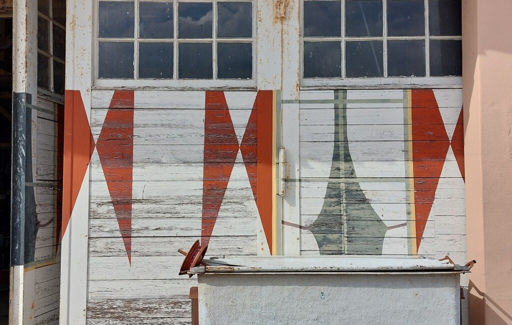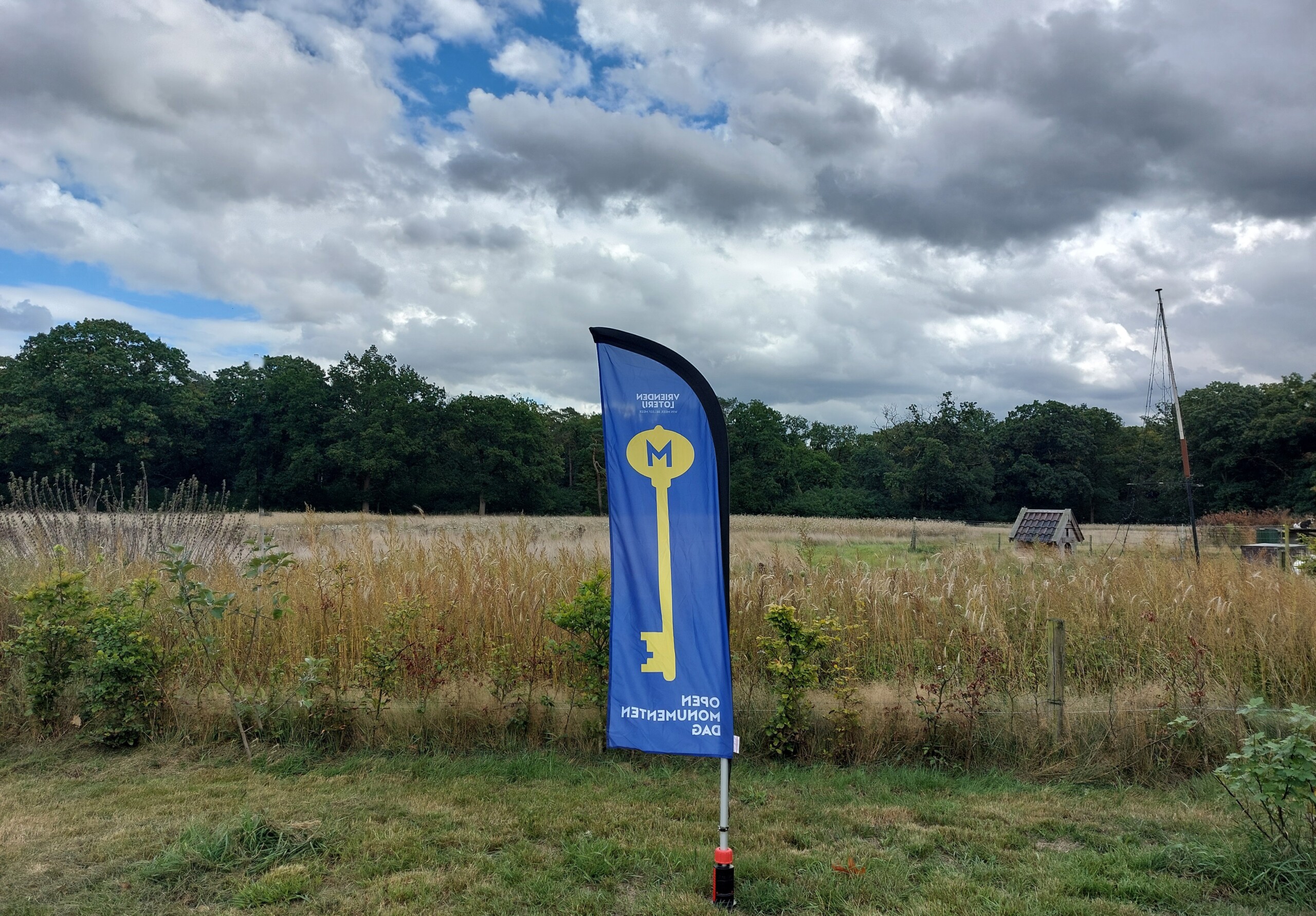 Thema’s en Tijdslijnen komen altijd weer terug bij Open Monumentendagen. Er is meestal meer te zien dan er in een dag past. In dit blogje ook wat terugkomende kleuren, zoals blauw en roodbruin. Na vertrek uit Arnhem gingen we nog met de auto naar een locatie waar je anders nooit mag komen: de velden grenzend aan vliegveld Deele. Een bijzondere rit over wegen waar je je ogen uitkijkt en iets voelt van hoe het landschap er hier 80 jaar geleden uitzag. Hier staan drie vliegtuighangars die er van buiten precies uitzien als een boerderij. Met verf zijn ramen op de hangardeuren geverfd en de vijand heeft het nooit ontdekt want de boerderijen staan er nog steeds. We kregen een uitleg van de nieuwe eigenaar die het hele terrein heeft gekocht en verbaasden ons over wat er allemaal bedacht is om ons land te verdedigen.
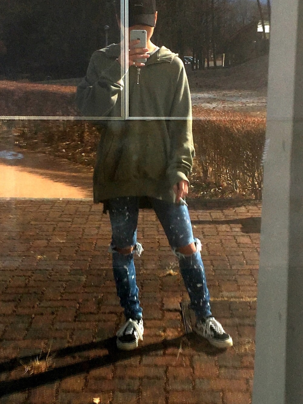ブラック系のスニーカー、グリーン系のパーカーを着用したメンズの冬コーディネートの1枚目の写真
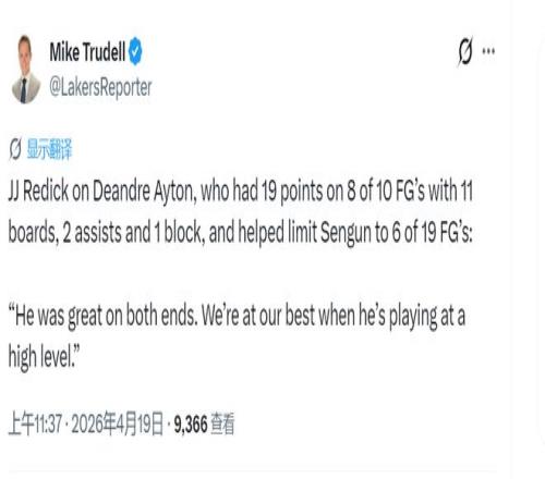 本賽季常規(guī)賽,艾頓一共14次得分20+,湖人戰(zhàn)績13勝1負。也就是說,頓寶砍下高分,湖人的勝率非常高。這也是為什么雷迪克說,當艾頓打出高水平,湖人處在最強形態(tài)。
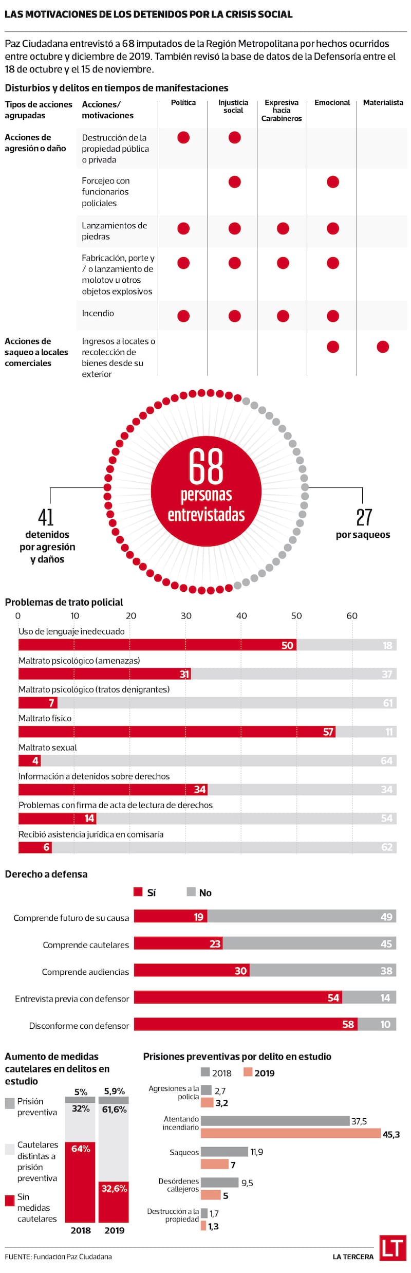 Para el análisis se entrevistó a 68 detenidos en la Región Metropolitana entre octubre y diciembre de 2019 (ver infografía). De ellos, 41 fueron arrestados por desórdenes públicos, daños a monumentos nacionales, atentados contra la autoridad, maltrato de obra a carabineros, atentado explosivo, entre otros delitos similares. Y 21 fueron detenidos por saqueos a locales comerciales.
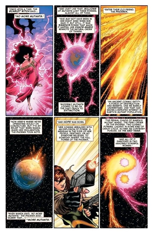 绯红女巫的原始混沌之力,与凤凰之力被认为是如阴与阳两股相对等的宇宙力量。当绯红女巫说「再无变种人!」,就这样,数百万的变种人因此丧失他们的能力;凤凰则说「管他的,更多变种人!」,变种人弥赛亚Hope因此诞生。
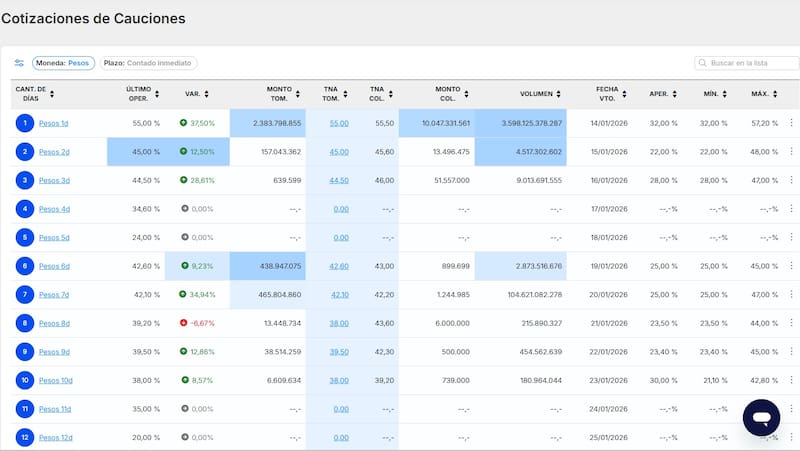 Hoy cotiza en 55% (TNA) en la caución a un día.
----
WHAT NEEDS TO BE DONE
Nothing but the lines from the line with "Para el análisis" through the end of the listing should appear in the answer, each duplicated exactly, without pictures.

EXERCISE RESPONSE
 Para el análisis se entrevistó a 68 detenidos en la Región Metropolitana entre octubre y diciembre de 2019 (ver infografía). De ellos, 41 fueron arrestados por desórdenes públicos, daños a monumentos nacionales, atentados contra la autoridad, maltrato de obra a carabineros, atentado explosivo, entre otros delitos similares. Y 21 fueron detenidos por saqueos a locales comerciales.
 绯红女巫的原始混沌之力,与凤凰之力被认为是如阴与阳两股相对等的宇宙力量。当绯红女巫说「再无变种人!」,就这样,数百万的变种人因此丧失他们的能力;凤凰则说「管他的,更多变种人!」,变种人弥赛亚Hope因此诞生。
 Hoy cotiza en 55% (TNA) en la caución a un día.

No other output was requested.